- Dataset excerpts -
* * * * * * *
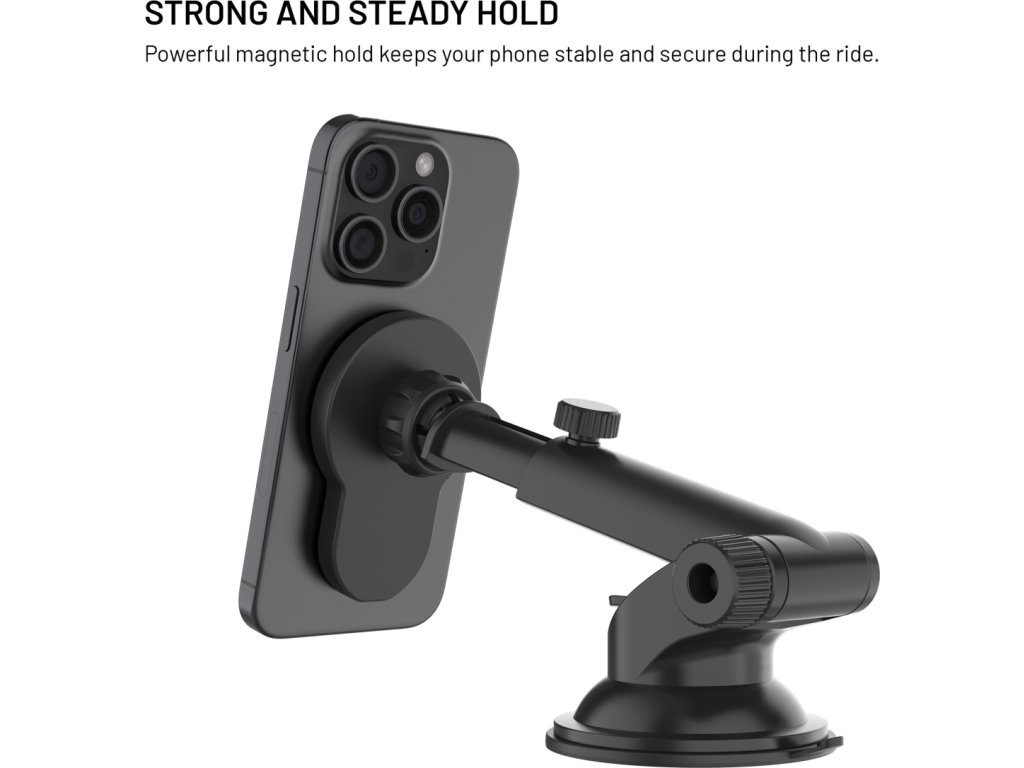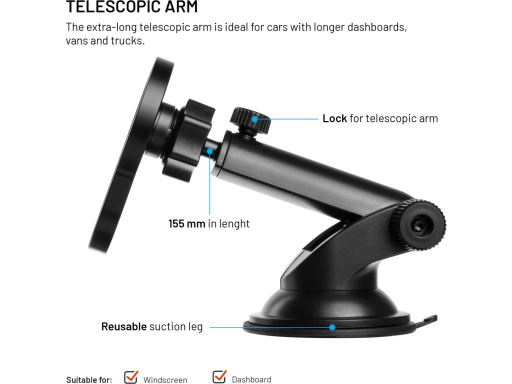 Držák FIXED MagClick XL s prodlouženou nohou vyvinutý přímo pro nejnovější Apple iPhone s funkcí MagSafe vám umožní mít telefon v autě pěkně na očích a zároveň ho pohodlně dobíjet během jízdy. Díky integrovaným magnetům stačí jen přiložit telefon k držáku a pomocí MagSafe se okamžitě sám zajistí. Drží bezpečně a bez problémů vydrží všechny otřesy způsobené jízdou. Pro rychlé nabíjení vašeho iPhonu je držák MagClick vybaven vysoce výkonnou cívkou s výkonem 7,5W a až 15W pro ostatní chytré telefony, dokáže tak doplnit energii v co nejkratším čase. Držák je určen pro uchycení pomocí přísavné základny na sklo i palubní desku. Pomocí otočného kloubu a nastavitelného ramene si nastavíte telefon do ideálního úhlu tak, aby byl v případě potřeby pěkně na očích. S držákem FIXED MagClick bude vaše jízda s telefonem v autě pohodlnější a hlavně bezpečnější než kdy dříve.
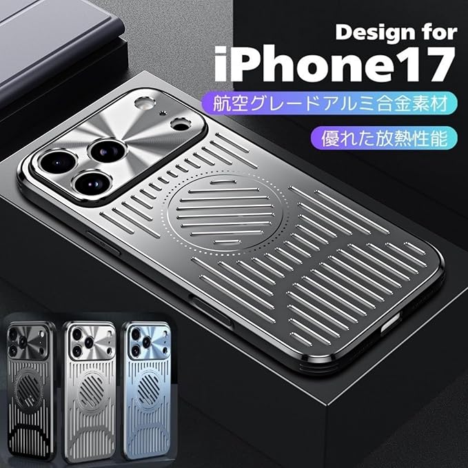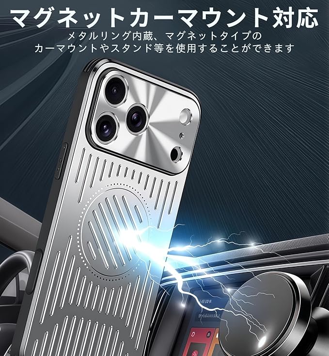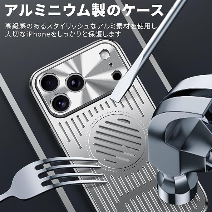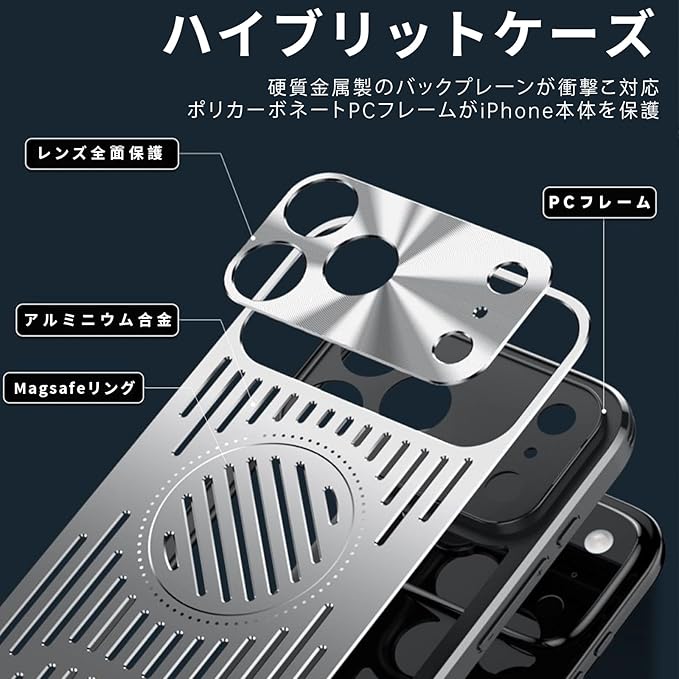 【放熱冷却機能】ケース 放熱メッシュ構造、長時間の使用で熱くなったアイフォンを効果的に冷却できます。この効果は、メッシュ構造によりエアフローを促進しiPhoneから出る熱の拡散を促進します、放熱を促すことによって得られ、iPhoneの動作パフォーマンスにも良い影響を与えま。ゲーミングスマホの愛好家やブロガーにオススメします ゲーミングスマホケース【航空用アルミニウム合金製ケ一ス】耐久性のある航空アルミニウム合金製で、一体型の保護ゴムパッドを備え、デバイスを損傷することなく強力な耐衝撃保護を提供します。薄型超軽量仕様ので、手に持っても重さを感じることが無い。ファッション性と実用性をを兼ね備えたデザインです。【Magsafe対応】マグネットが内蔵されている、MagSafe充電に対応しており、ケースを装着したままでもワイヤレス充電が可能。MagSafeアクセサリーともスムーズに連携でき、日常使いがさらに快適になります。【滑り防止・握り心地抜群】側面は滑り防止PC素材を採用。ベタつかず適度な柔らかさでクッション性があり、心地よく手にフィットして滑りにくいので落としてしまう心配が減ります。背面は通気口付きのアルミ合金製、耐久性や耐摩耗性に優れ、サラサラして触り心地もすごく良い質感です。【耐衝撃性抜群】カメラ上の 0.7mm の盛り上がったエッジはレンズの傷を防ぎ、画面上の 0.8mm のベゼルは携帯電話の画面への損傷を防ぎます。ケースの四隅に衝撃を吸収するエアバッグデザイン、頑丈な構造で、優れる耐衝撃性能。
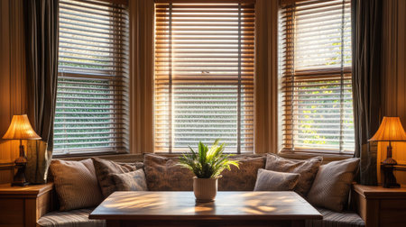 Blinds covering a bay window in a classic home interior with wooden furniture and soft lighting
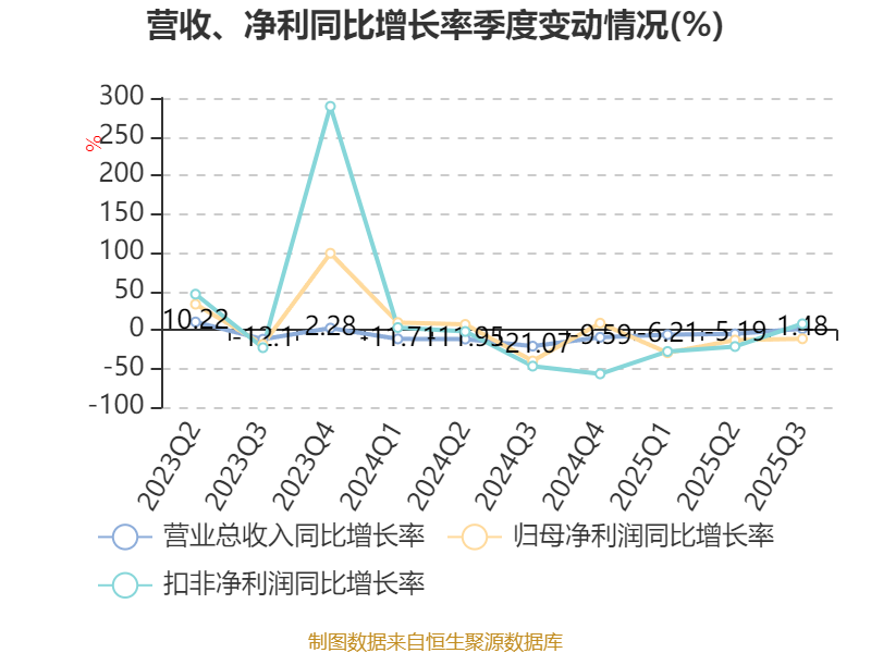 负债重大变化方面,截至2025年三季度末,公司租赁负债较上年末减少11.08%,占公司总资产比重下降1.32个百分点;应付职工薪酬较上年末减少71.62%,占公司总资产比重下降0.4个百分点;应付票据及应付账款较上年末减少5.92%,占公司总资产比重下降0.35个百分点;递延所得税负债较上年末增加31.79%,占公司总资产比重上升0.26个百分点。
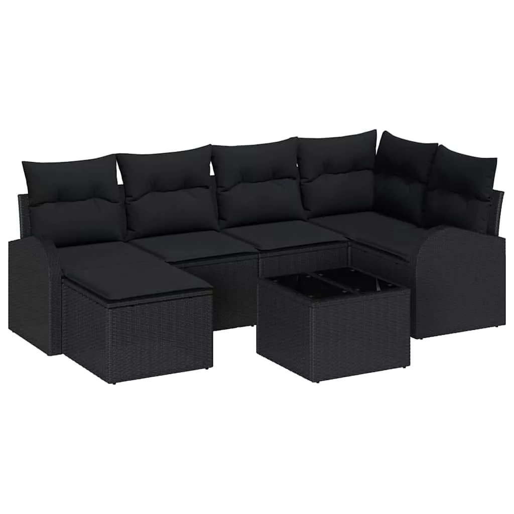 vidaXL Kanapé Szett párnával tárolóval 7 pcs Fekete polirattan
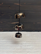 This set includes three small singing bowls with a high, clear tone that gently resonates when tapped with the enclosed beater.
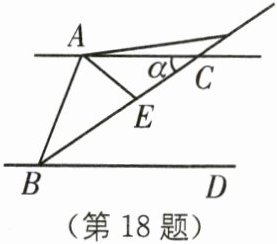 18. 如图,$AC// BD$,$BC平分∠ABD$,设$∠ACB为\alpha$,点$E是射线BC$上的一个动点,若$∠BAE:∠CAE= 5:2$,则$∠CAE$的度数为______.(用含$\alpha$的代数式表示)
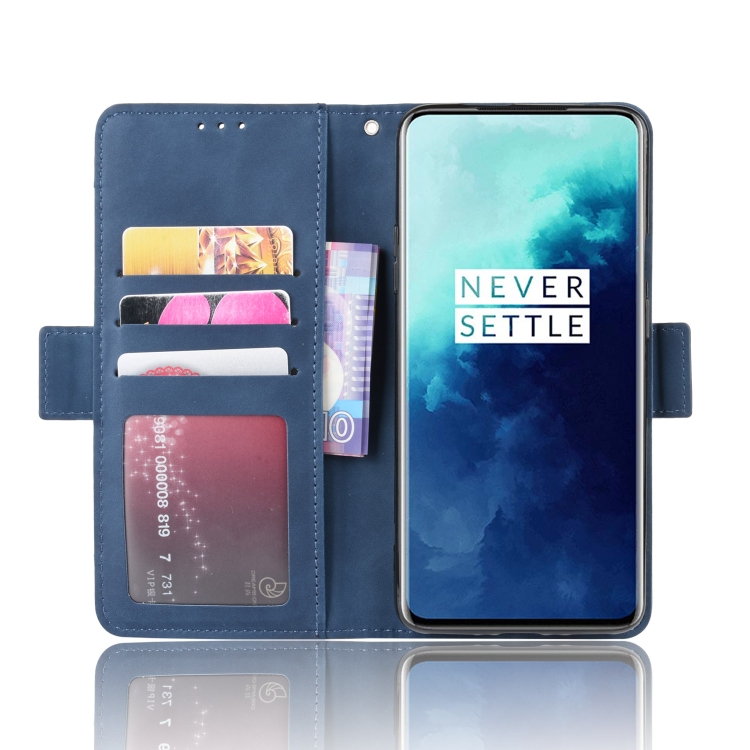 Estuche de Cuero para OnePlus 7T Pro con Patrón de Piel de Becerro y Ranura para Tarjeta (Azul)
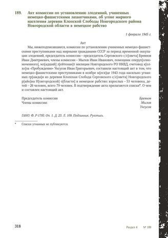 Акт комиссии по установлению злодеяний, учиненных немецко-фашистскими захватчиками, об угоне мирного населения деревни Клопской Слободы Новгородского района Новгородской области в немецкое рабство. 1 февраля 1945 г. // ГАНО. Ф. P-1793. Оп. 1.Д. 23. Л. 109. Подлинник. Рукопись.
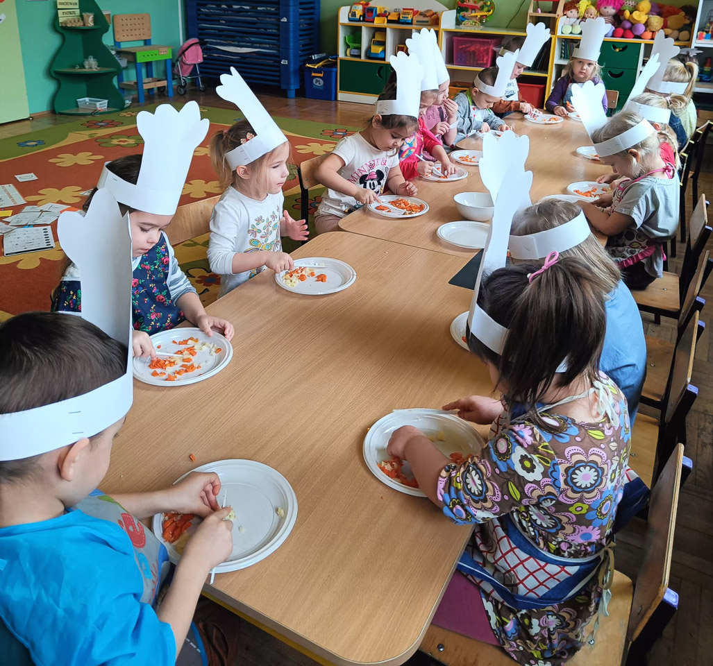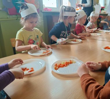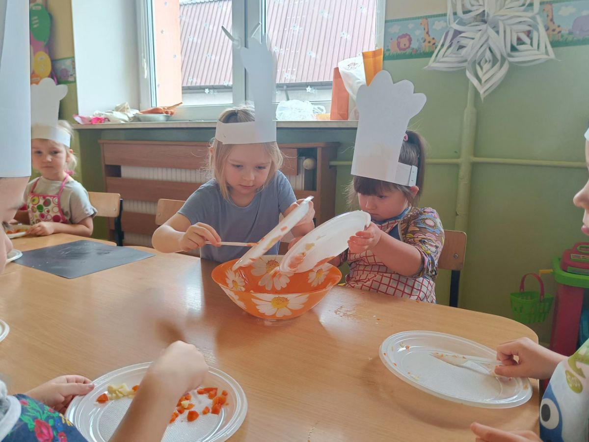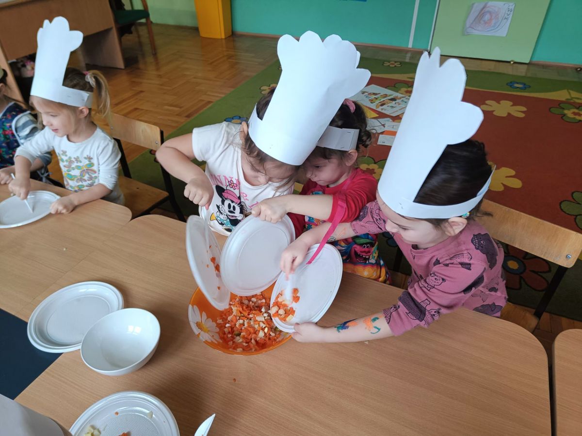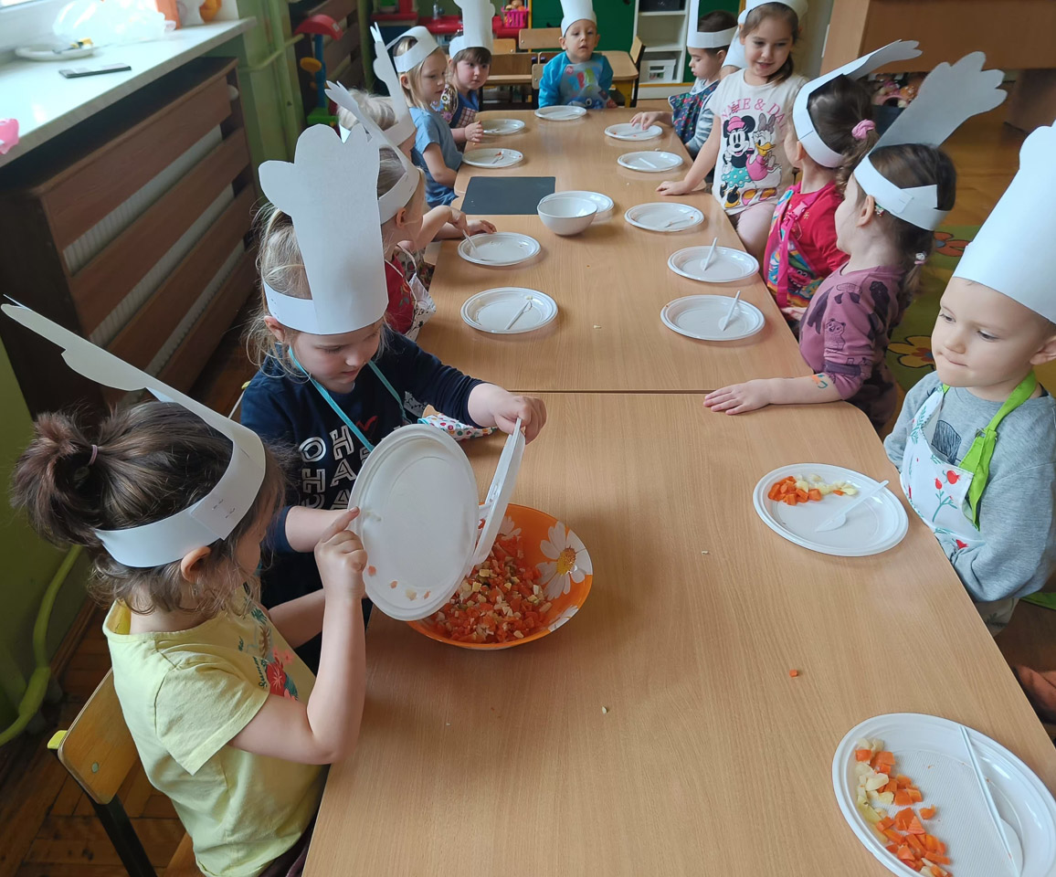 Dziś odbiły się zajęcia warsztatowe i wspólnie zrobiliśmy sałatkę jarzynową, dzieci uzbrojone w plastikowe nożyki i talerzyki przystąpiły do samodzielnego krojenia warzyw, mieszania i oczywiście wspólnej degustacji.
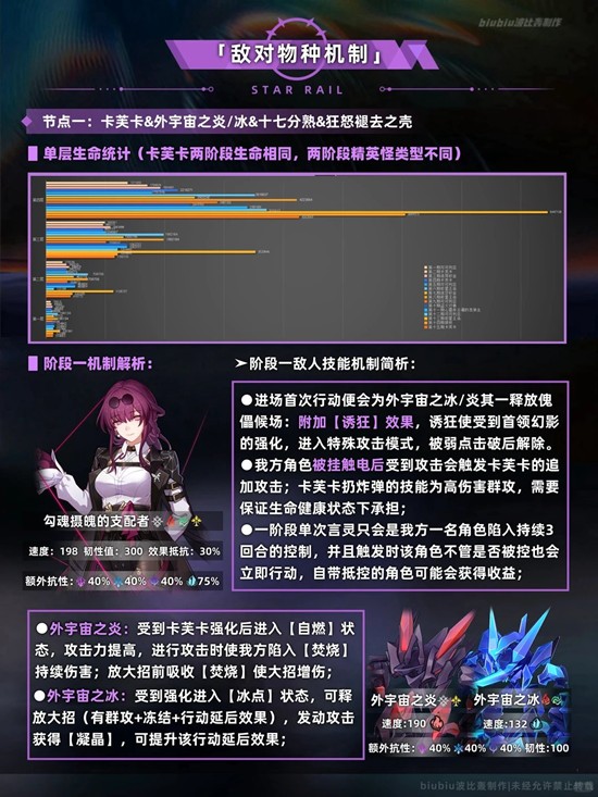 重点在下半,下半间首先需要带治疗角色以应对【垂死挣扎】状态,其次对于这种共享生命的角色群攻或扩散输出的角色更优;另外下半boss每多一弱点受到的伤害均会提高,因此能挂弱点的那刻夏、银狼等也会有一定优势;至于击破队如果有大丽花来应对锁弱点状态的死龙就也能取得不错的分数;
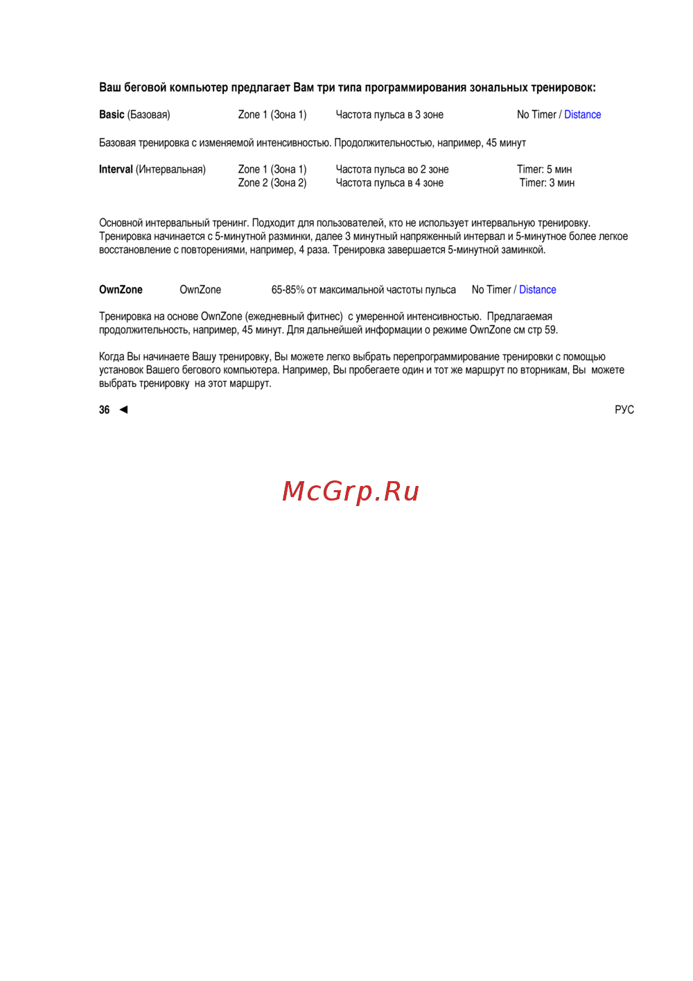 OwnZone OwnZone 65-85% от максимальной частоты пульса No Timer / Distance
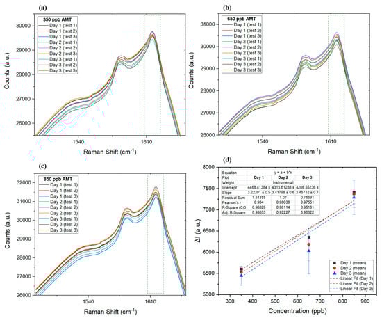 The Raman spectra of the of three tested standard samples of 350 ppb (a), 650 ppb (b), and 850 ppb (c). (d) Linear graph for the mean data collected on each day, along with error bars for each day.
* * * * * * *
- Aim of the exercise -
With the pictures left out, give again exactly the lines from the one that contains "vidaXL Kanapé Szett" through the final line of the data above.

- Response to this exercise -
 vidaXL Kanapé Szett párnával tárolóval 7 pcs Fekete polirattan
 This set includes three small singing bowls with a high, clear tone that gently resonates when tapped with the enclosed beater.
 18. 如图,$AC// BD$,$BC平分∠ABD$,设$∠ACB为\alpha$,点$E是射线BC$上的一个动点,若$∠BAE:∠CAE= 5:2$,则$∠CAE$的度数为______.(用含$\alpha$的代数式表示)
 Estuche de Cuero para OnePlus 7T Pro con Patrón de Piel de Becerro y Ranura para Tarjeta (Azul)
 Акт комиссии по установлению злодеяний, учиненных немецко-фашистскими захватчиками, об угоне мирного населения деревни Клопской Слободы Новгородского района Новгородской области в немецкое рабство. 1 февраля 1945 г. // ГАНО. Ф. P-1793. Оп. 1.Д. 23. Л. 109. Подлинник. Рукопись.
 Dziś odbiły się zajęcia warsztatowe i wspólnie zrobiliśmy sałatkę jarzynową, dzieci uzbrojone w plastikowe nożyki i talerzyki przystąpiły do samodzielnego krojenia warzyw, mieszania i oczywiście wspólnej degustacji.
 重点在下半,下半间首先需要带治疗角色以应对【垂死挣扎】状态,其次对于这种共享生命的角色群攻或扩散输出的角色更优;另外下半boss每多一弱点受到的伤害均会提高,因此能挂弱点的那刻夏、银狼等也会有一定优势;至于击破队如果有大丽花来应对锁弱点状态的死龙就也能取得不错的分数;
 OwnZone OwnZone 65-85% от максимальной частоты пульса No Timer / Distance
 The Raman spectra of the of three tested standard samples of 350 ppb (a), 650 ppb (b), and 850 ppb (c). (d) Linear graph for the mean data collected on each day, along with error bars for each day.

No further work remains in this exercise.